169694 07:22:43.494058726 3 host (host) php-fpm (11830:7) < connect res=0 tuple=127.0.0.1:40687->127.0.0.1:8125
169695 07:22:43.494059466 3 host (host) php-fpm (11830:7) > fcntl fd=5(<4u>127.0.0.1:40687->127.0.0.1:8125) cmd=5(F_SETFL)
169696 07:22:43.494059628 3 host (host) php-fpm (11830:7) < fcntl res=0(<6>)
169697 07:22:43.494062421 3 host (host) php-fpm (11830:7) > sendto fd=5(<4u>127.0.0.1:40687->127.0.0.1:8125) size=34 tuple=NULL
169698 07:22:43.494085960 3 host (host) php-fpm (11830:7) < sendto res=34 data=app.metrics.foo:0.71194379391101|g
169705 07:22:43.494119291 3 host (host) php-fpm (11830:7) > close fd=5(<4u>127.0.0.1:40687->127.0.0.1:8125)
169706 07:22:43.494119602 3 host (host) php-fpm (11830:7) < close res=0

So the container info is parsed correctly only when sysdig starts and it reads process metadata from /proc (directory) but not if a process starts while sysdig or the agent is running. This didn’t happen on the capture file from the customer because it was taken in the former case.

How is a bug like this even possible? It couldn’t be hidden for so long, so I dug into the new php-fpm process pid and captured all the events related to it. Here I found something odd: the event that creates the process is not clone but fork:

sysdig -r php-fpm.scap proc.pid = 11830

134079 07:22:41.219236734 3 php-fpm (11830) < fork res=0 exe=php-fpm args= tid=11830(php-fpm) pid=11830(php-fpm) ptid=11801(php-fpm) cwd=/var/www/html fdlimit=1048576 pgft_maj=0 pgft_min=0 vm_size=39816 vm_rss=4796 vm_swap=0 comm=php-fpm cgroups=cpuset=/docker/d7bb71f7610b01172a9b87cd09ac04709d4239f2acc73f6e237adbafc30993... flags=0 uid=0 gid=0 vtid=7 vpid=7

Why fork? On Linux, clone is the system call used to create new processes. And it’s the only system call I’d seen used so far.

Doing a bit of research I found this nice answer on stackoverflow stating that actually fork is the old system call used in linux to create new processes that has been superseded by clone.

Then I went on the code we use to parse the clone event and I found that actually we were parsing cgroups info only on clone events and not fork or vfork.
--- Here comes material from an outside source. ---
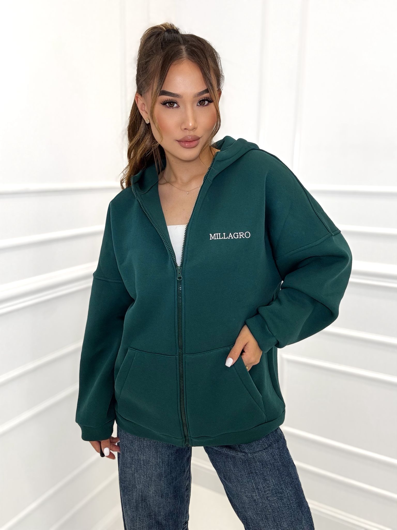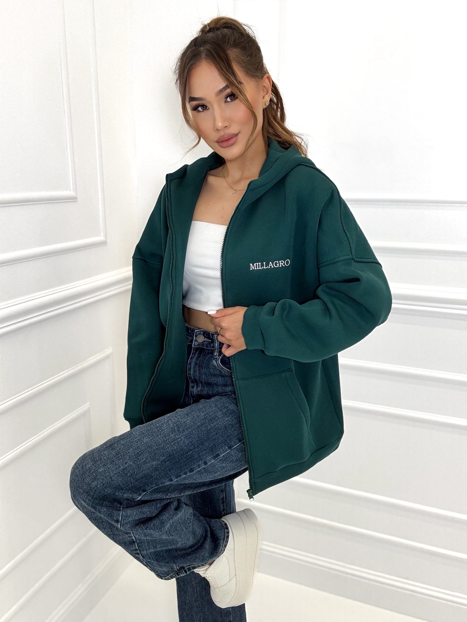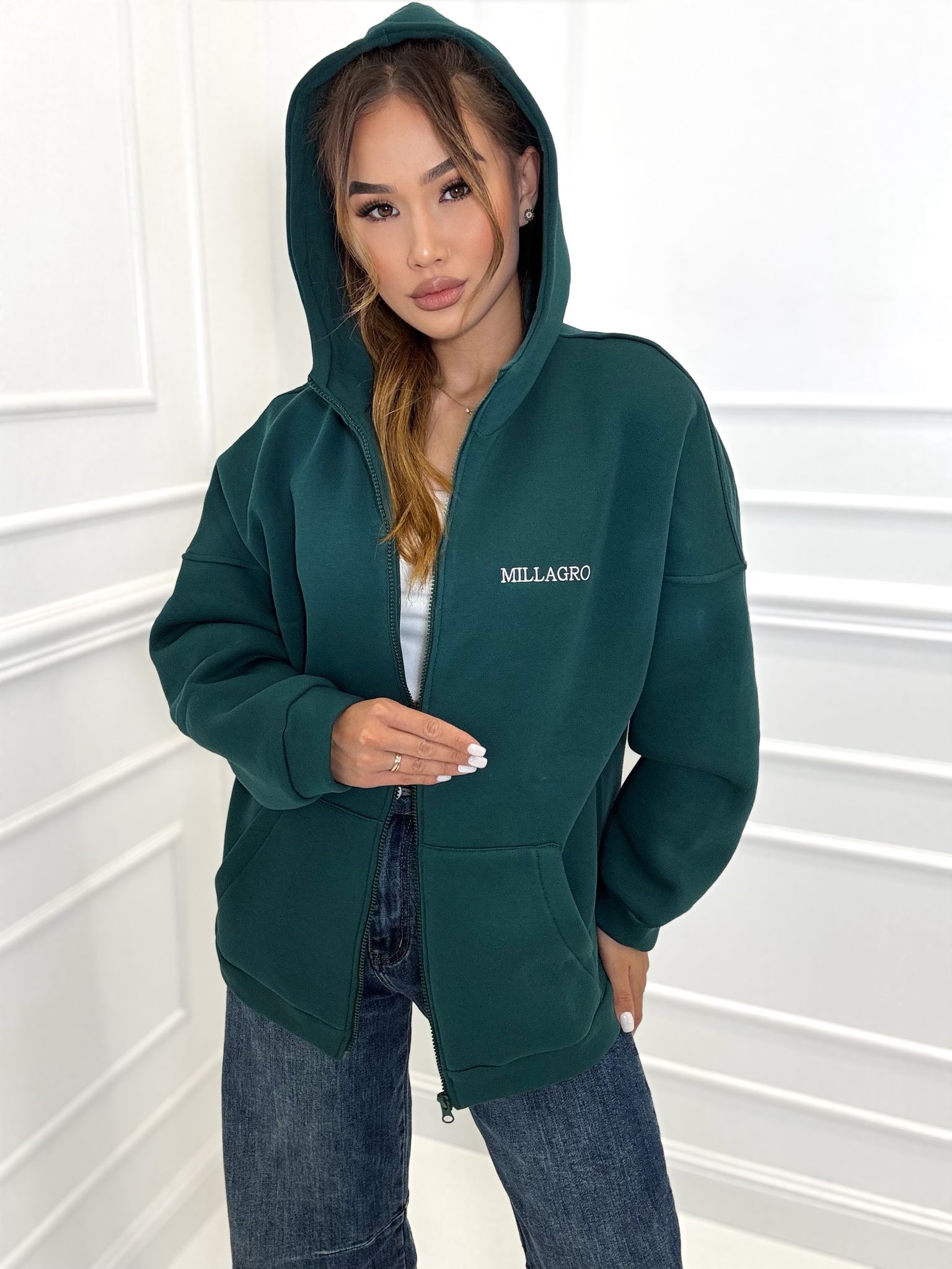 Bluza rozpinana Milla long o luźnym kroju z kapturem, ocieplana. Bluza wykonana z wysokiej jakości tkaniny De Lux bardzo przyjemnej i delikatnej w dotyku. Polska produkcja.

Putting in a fix to parse fork and vfork made everything work.

Conclusion

This story reminded me a quote by Justin Cormack I heard at QCon London late last year:

Operating systems are just a kind of technical debt

This is absolutely true: Linus Torvald’s mantra is “never break userspace”. This makes software compatible for a decade and more, making Linux the reliable operating system we trust and love. The downside is that part of the life of a system software engineer is dealing with traces from the past of Linux history.

Side note

Why php-fpm was using fork? It wasn’t the one to blame for it. Alpine linux uses muslc instead of glibc. Digging deeper I found it uses the fork system call to implement the fork() function instead of clone, as glibc does. It’s probably because clone is more complicated to use.